When Phil Brennan showed his warrant card, the receptionist tried on several expressions before she settled for surprised – yet totally innocent – interest. And in those few seconds he knew exactly what kind of company he was calling on.

City Lets was based in an old office building on the fringes of Chinatown and the ungentrified portion of Digbeth. The area had been officially rebranded as Southside in an attempt to make it hip, urban and edgy. But this part of it had resolutely refused to play along. Part of Birmingham’s once ubiquitous square poured-concrete architectural heritage, it looked like what they had imagined the future to be sixty years ago. Now, squatting in the shadow of the undulating metal curve of the new Selfridges building and the rejuvenated Bullring, the building looked old and crumbling, a monolith to a lost religion.

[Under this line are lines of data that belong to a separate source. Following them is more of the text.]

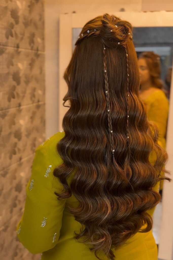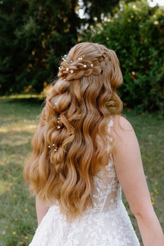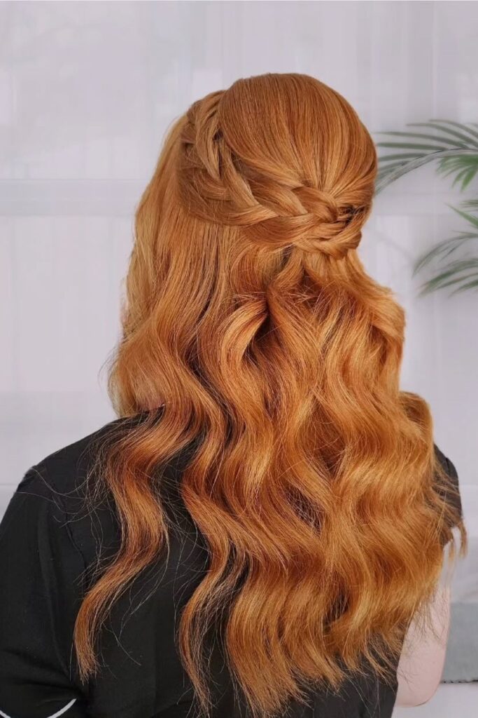 You reach for this half-down style when you want loose waves with small braid detail.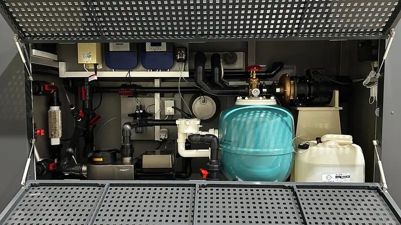 Además, incluye una bomba de calor para mantener la temperatura del agua ideal durante todo el año, y un sistema de aislamiento térmico que limita la pérdida de calor.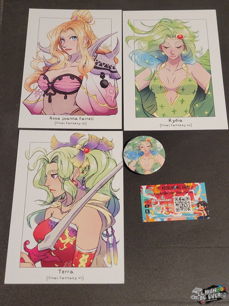 – Prints de Rosa y Rydia de Final Fantasy IV y de Terra de Final Fantasy VI: Mi amor por los Final Fantasy de Super Nintendo no conoce límites. Cada vez que veo algo relacionado con esos juegos lo deseo con toda mi alma. No pude evitar llevarme estos preciosos dibujos de unas chicas tan geniales y fuertes.

‘I’d like to see Ron Parsons,’ said Phil, putting his warrant card back in his jacket. The waiting room was old and shabby, dotted with several chairs nearing the end of their lives and two large wilting pot plants at opposite corners. A large man, bearded, wearing a plaid shirt and reading a paper, sat in one of the chairs. He put the paper down as Phil approached, became interested. The receptionist was old, large and tired and looked like she had come with the building.

‘He’s —’

Phil didn’t give her the chance to come up with an excuse. ‘It’s to do with a murder inquiry.’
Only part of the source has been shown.